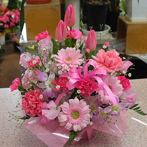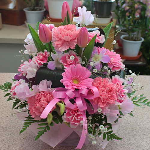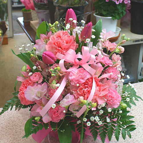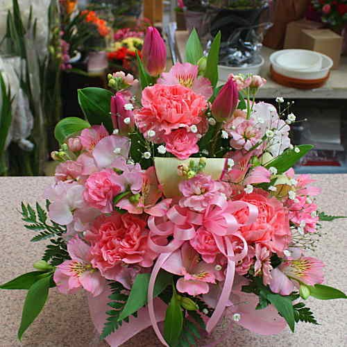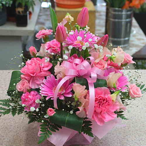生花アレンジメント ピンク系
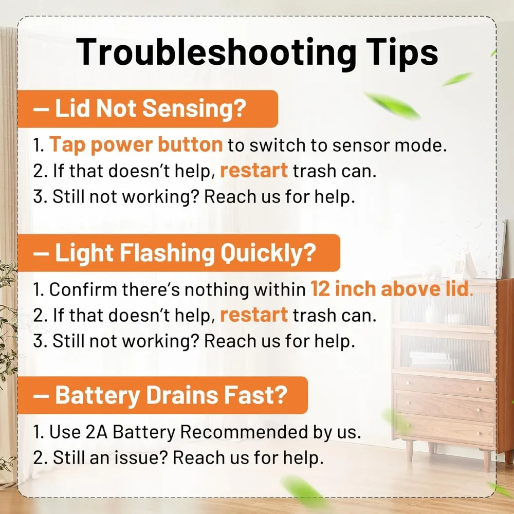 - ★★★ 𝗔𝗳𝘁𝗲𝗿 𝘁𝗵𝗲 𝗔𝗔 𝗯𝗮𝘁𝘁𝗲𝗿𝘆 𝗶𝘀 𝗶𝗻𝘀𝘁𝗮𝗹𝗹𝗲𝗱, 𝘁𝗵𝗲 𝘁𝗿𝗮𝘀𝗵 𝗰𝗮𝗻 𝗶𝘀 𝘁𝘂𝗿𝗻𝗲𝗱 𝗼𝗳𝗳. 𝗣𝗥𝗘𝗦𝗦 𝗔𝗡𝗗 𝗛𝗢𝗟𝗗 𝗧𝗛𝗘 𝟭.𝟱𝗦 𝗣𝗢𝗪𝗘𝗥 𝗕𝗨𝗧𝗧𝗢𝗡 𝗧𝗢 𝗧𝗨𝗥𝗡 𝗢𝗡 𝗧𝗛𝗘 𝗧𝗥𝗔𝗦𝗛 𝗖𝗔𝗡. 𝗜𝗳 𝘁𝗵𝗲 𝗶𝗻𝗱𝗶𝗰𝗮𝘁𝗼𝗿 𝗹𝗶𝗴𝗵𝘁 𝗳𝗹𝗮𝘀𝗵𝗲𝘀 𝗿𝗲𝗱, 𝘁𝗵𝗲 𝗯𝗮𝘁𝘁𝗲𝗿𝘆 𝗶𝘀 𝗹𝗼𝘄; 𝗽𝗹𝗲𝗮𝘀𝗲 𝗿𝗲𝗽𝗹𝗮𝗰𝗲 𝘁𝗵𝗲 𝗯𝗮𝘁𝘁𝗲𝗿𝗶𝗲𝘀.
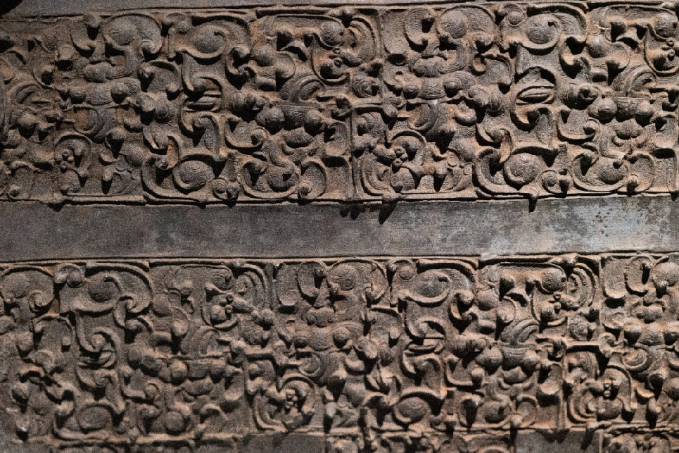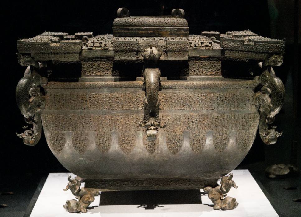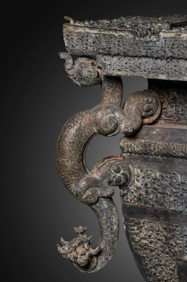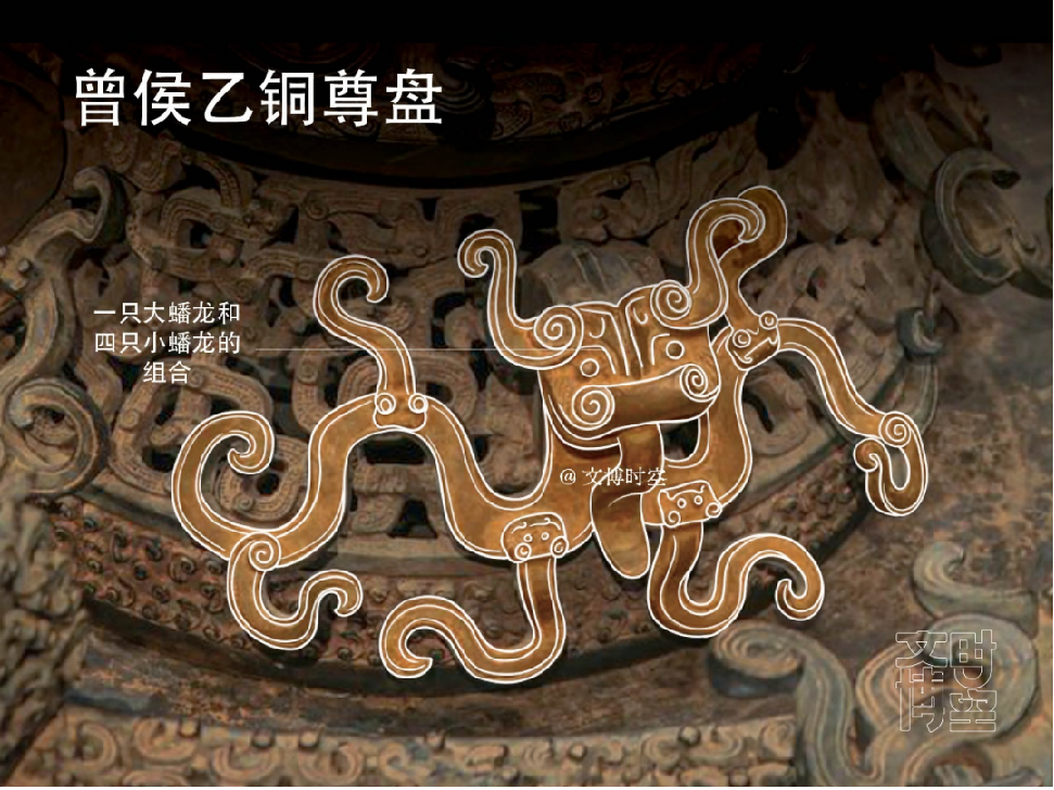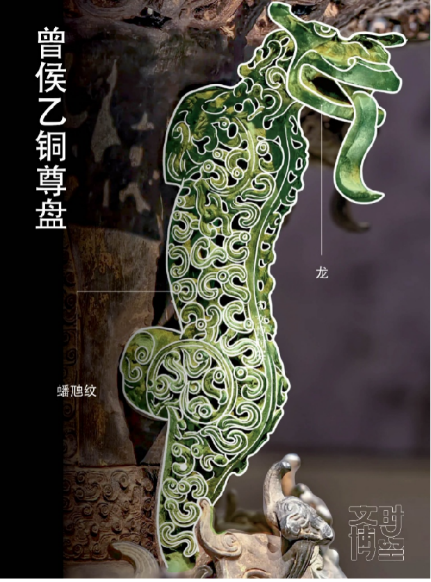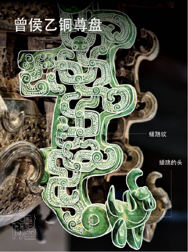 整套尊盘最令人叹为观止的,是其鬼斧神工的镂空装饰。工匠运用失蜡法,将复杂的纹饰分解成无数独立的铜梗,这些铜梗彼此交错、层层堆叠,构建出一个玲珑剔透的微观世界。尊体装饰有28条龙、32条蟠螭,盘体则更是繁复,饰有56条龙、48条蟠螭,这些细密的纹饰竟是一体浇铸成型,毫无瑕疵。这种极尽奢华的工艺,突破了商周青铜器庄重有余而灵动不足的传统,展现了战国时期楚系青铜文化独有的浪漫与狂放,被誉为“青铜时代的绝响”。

_REQUIRED WORK:_
An exact retyping of the material, minus the pictures, is the required answer.

_RESULT OF THIS TASK:_
生花アレンジメント ピンク系
 - ★★★ 𝗔𝗳𝘁𝗲𝗿 𝘁𝗵𝗲 𝗔𝗔 𝗯𝗮𝘁𝘁𝗲𝗿𝘆 𝗶𝘀 𝗶𝗻𝘀𝘁𝗮𝗹𝗹𝗲𝗱, 𝘁𝗵𝗲 𝘁𝗿𝗮𝘀𝗵 𝗰𝗮𝗻 𝗶𝘀 𝘁𝘂𝗿𝗻𝗲𝗱 𝗼𝗳𝗳. 𝗣𝗥𝗘𝗦𝗦 𝗔𝗡𝗗 𝗛𝗢𝗟𝗗 𝗧𝗛𝗘 𝟭.𝟱𝗦 𝗣𝗢𝗪𝗘𝗥 𝗕𝗨𝗧𝗧𝗢𝗡 𝗧𝗢 𝗧𝗨𝗥𝗡 𝗢𝗡 𝗧𝗛𝗘 𝗧𝗥𝗔𝗦𝗛 𝗖𝗔𝗡. 𝗜𝗳 𝘁𝗵𝗲 𝗶𝗻𝗱𝗶𝗰𝗮𝘁𝗼𝗿 𝗹𝗶𝗴𝗵𝘁 𝗳𝗹𝗮𝘀𝗵𝗲𝘀 𝗿𝗲𝗱, 𝘁𝗵𝗲 𝗯𝗮𝘁𝘁𝗲𝗿𝘆 𝗶𝘀 𝗹𝗼𝘄; 𝗽𝗹𝗲𝗮𝘀𝗲 𝗿𝗲𝗽𝗹𝗮𝗰𝗲 𝘁𝗵𝗲 𝗯𝗮𝘁𝘁𝗲𝗿𝗶𝗲𝘀.
 整套尊盘最令人叹为观止的,是其鬼斧神工的镂空装饰。工匠运用失蜡法,将复杂的纹饰分解成无数独立的铜梗,这些铜梗彼此交错、层层堆叠,构建出一个玲珑剔透的微观世界。尊体装饰有28条龙、32条蟠螭,盘体则更是繁复,饰有56条龙、48条蟠螭,这些细密的纹饰竟是一体浇铸成型,毫无瑕疵。这种极尽奢华的工艺,突破了商周青铜器庄重有余而灵动不足的传统,展现了战国时期楚系青铜文化独有的浪漫与狂放,被誉为“青铜时代的绝响”。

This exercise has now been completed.